Data block =>

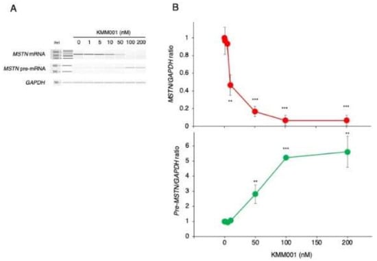 2.4. KMM001 Decreased Mature mRNA Levels in a Dose-Dependent Manner and Reciprocally Increased Pre-mRNA Levels
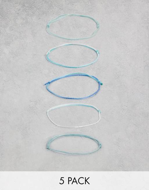 ASOS DESIGN – Festival – Zestaw 5 festiwalowych bransoletek w odcieniach niebieskiego
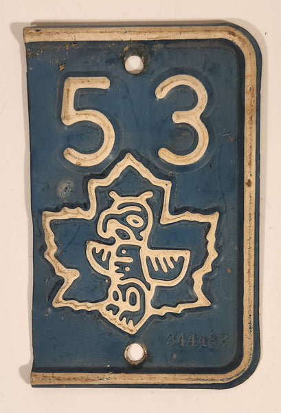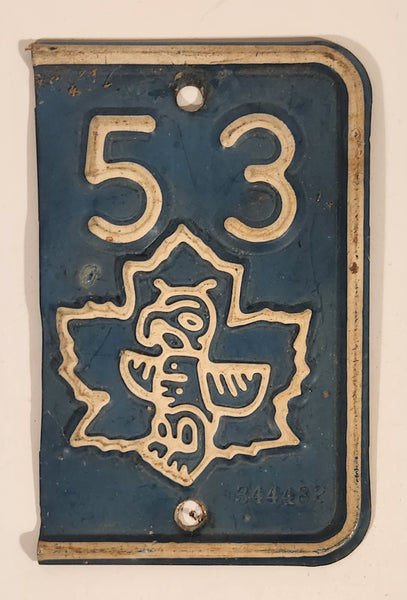 Vintage 1953 British Columbia Blue and White Metal Vehicle License Plate Tag Renewal Add-On Section
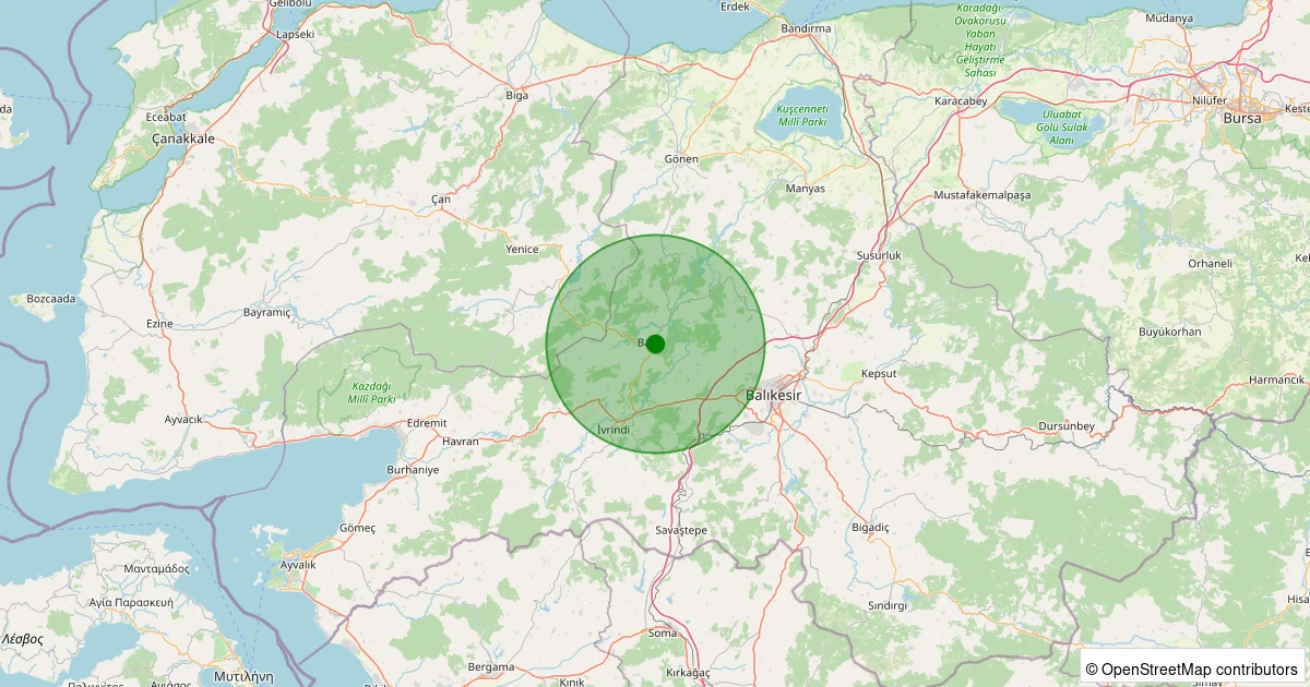 Son 7 gün içinde Balya - Kocacami noktasından 100 km yarıçap içerisinde meydana gelen diğer depremler:

Goal of the exercise =>
None of the pictures belong in the copy. Write out exactly the lines from the line that holds "Vintage 1953 British" through the last line of the listing above, both ends included.

Exercise solution =>
 Vintage 1953 British Columbia Blue and White Metal Vehicle License Plate Tag Renewal Add-On Section
 Son 7 gün içinde Balya - Kocacami noktasından 100 km yarıçap içerisinde meydana gelen diğer depremler:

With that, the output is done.